### [WORK REQUEST]
Give the lines again exactly as they appear below, from the line with "This high quality" to the line with "Визуальный язык коллекции", both included, and only those lines. Leave every picture out.

### [MATERIAL FOR THE TASK]
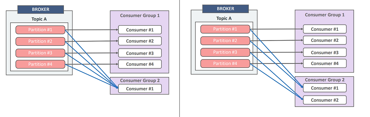 - Group 1의 Consumer들은 A #1, A #2 파티션을, Group 2의 Consumer는 A #1, A #2파티션을 각각 할당받아 데이터를 읽는다. 서로 다른 그룹이므로 동일한 파티션(예: Partition 0)을 두 그룹의 Consumer(Group A의 Consumer와 Group B의 Consumer)가 동시에 읽을 수 있음을 보여준다.
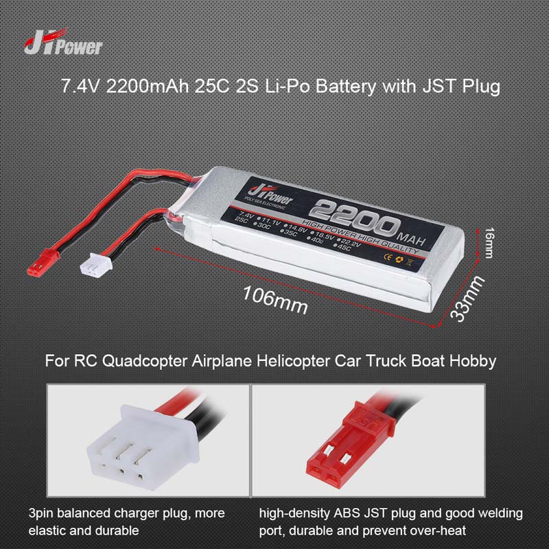 This high quality 7.4V 2200mAh 25C 2S liPo battery is just designed for RC super fans. It's suitable for RC drone airplane car truck hobby. Good choice for you to enjoy more flying joys.
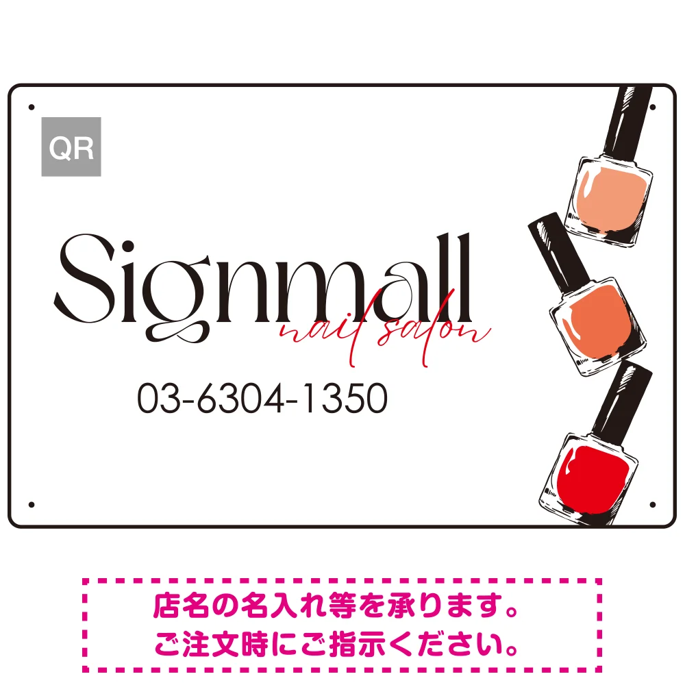 よくある質問:ネイルボトルがアクセントの上品デザイン ネイルサロン向けプレート看板 W450×H300 アルミ複合板(SP-SMD782-45x30A)
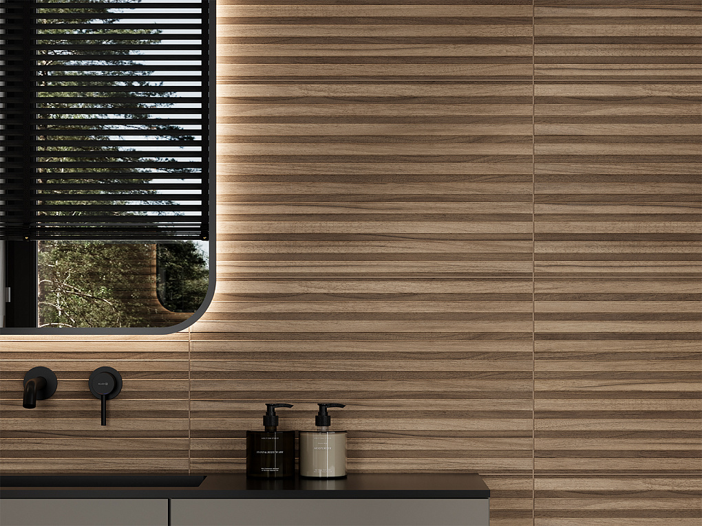 Визуальный язык коллекции Токио строится на контрасте фактур: белый глянцевый мрамор с тёплыми прожилками соседствует с тонким вертикальным рельефом и рельефом горизонтальных реек с текстурой дерева — тёплого, тактильного, «живого». Здесь важна не только форма, но и ощущение покоя, уюта и естественного ритма.
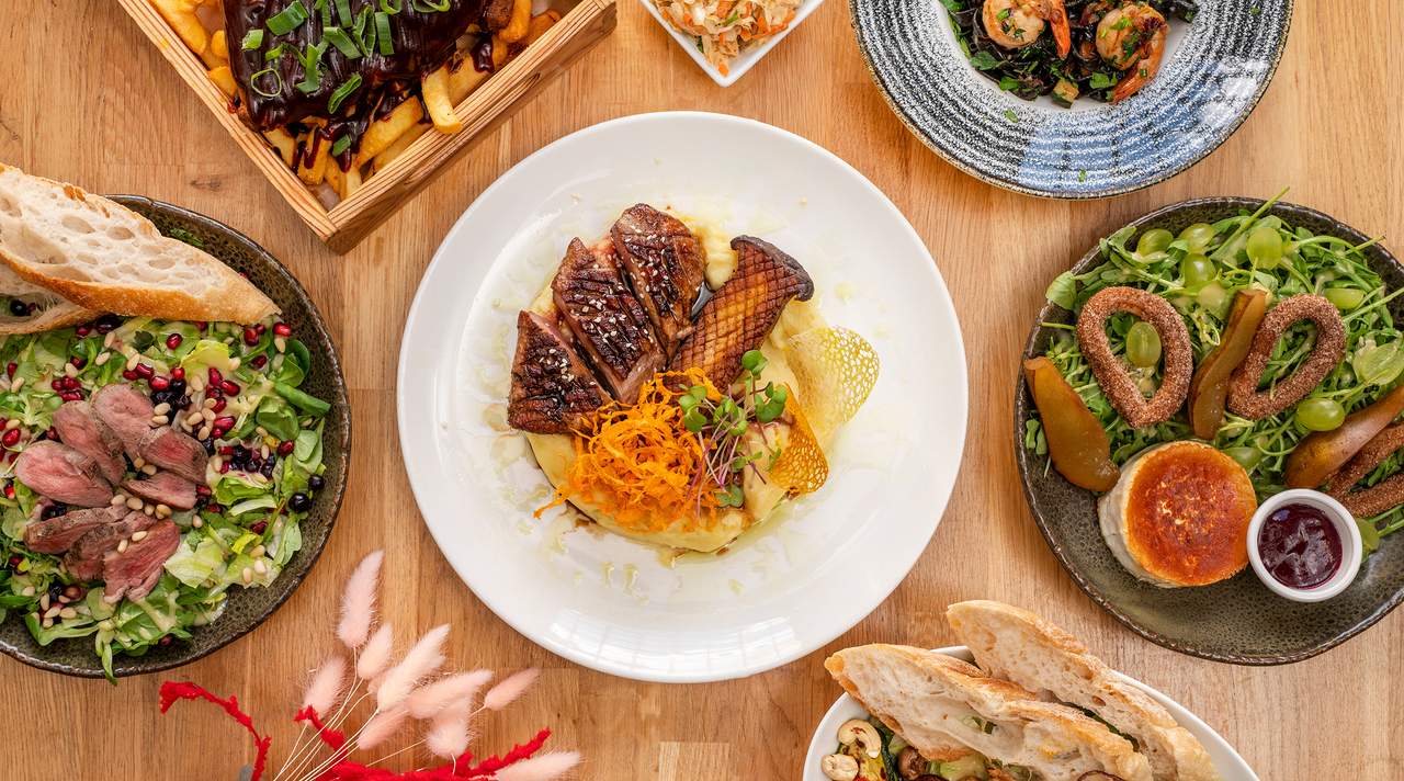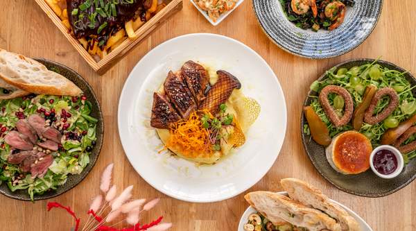 Filet z kaczki, mix sałat, czarna porzeczka, orzeszki piniowe, granat, vinaigrette orzechowy
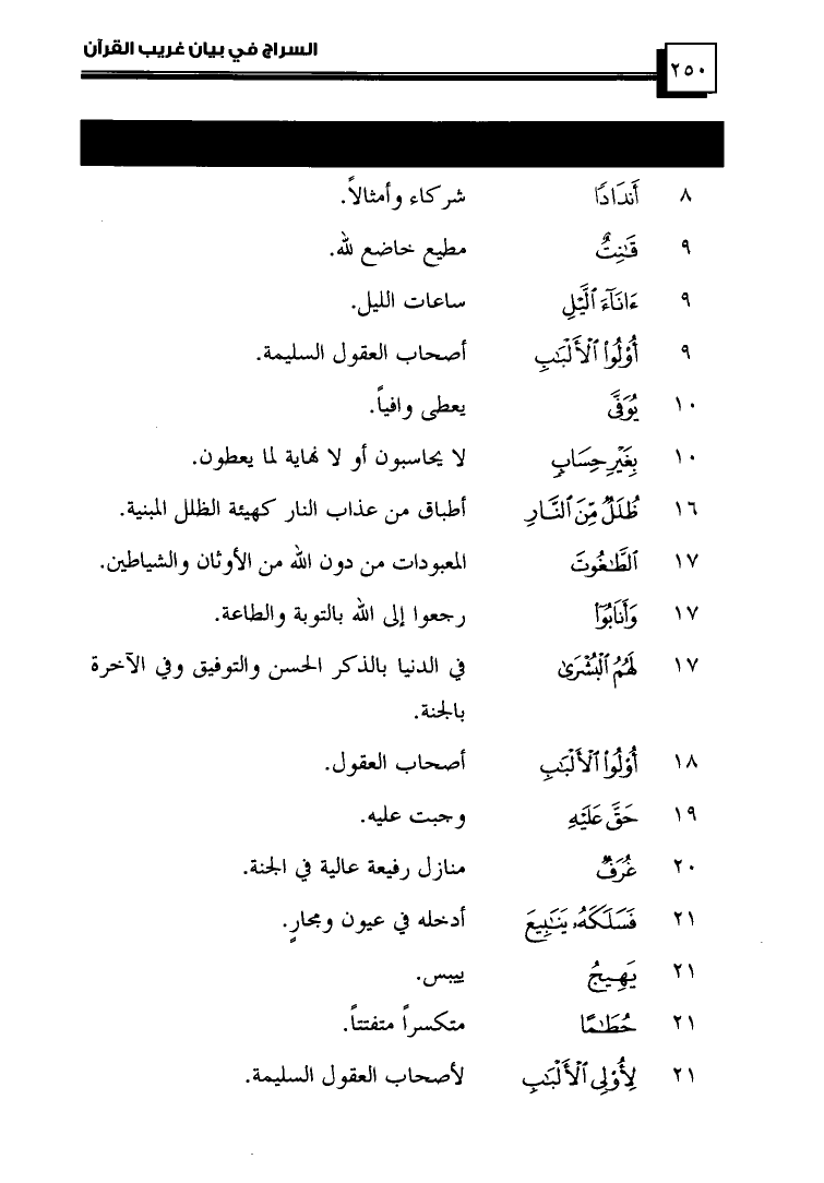 (9) ... {أُوْلُوا الْأَلْبَابِ} ... أَصْحَابُ العُقُولِ السَّدِيدَةِ.

### [EXERCISE RESPONSE]
 This high quality 7.4V 2200mAh 25C 2S liPo battery is just designed for RC super fans. It's suitable for RC drone airplane car truck hobby. Good choice for you to enjoy more flying joys.
 よくある質問:ネイルボトルがアクセントの上品デザイン ネイルサロン向けプレート看板 W450×H300 アルミ複合板(SP-SMD782-45x30A)
 Визуальный язык коллекции Токио строится на контрасте фактур: белый глянцевый мрамор с тёплыми прожилками соседствует с тонким вертикальным рельефом и рельефом горизонтальных реек с текстурой дерева — тёплого, тактильного, «живого». Здесь важна не только форма, но и ощущение покоя, уюта и естественного ритма.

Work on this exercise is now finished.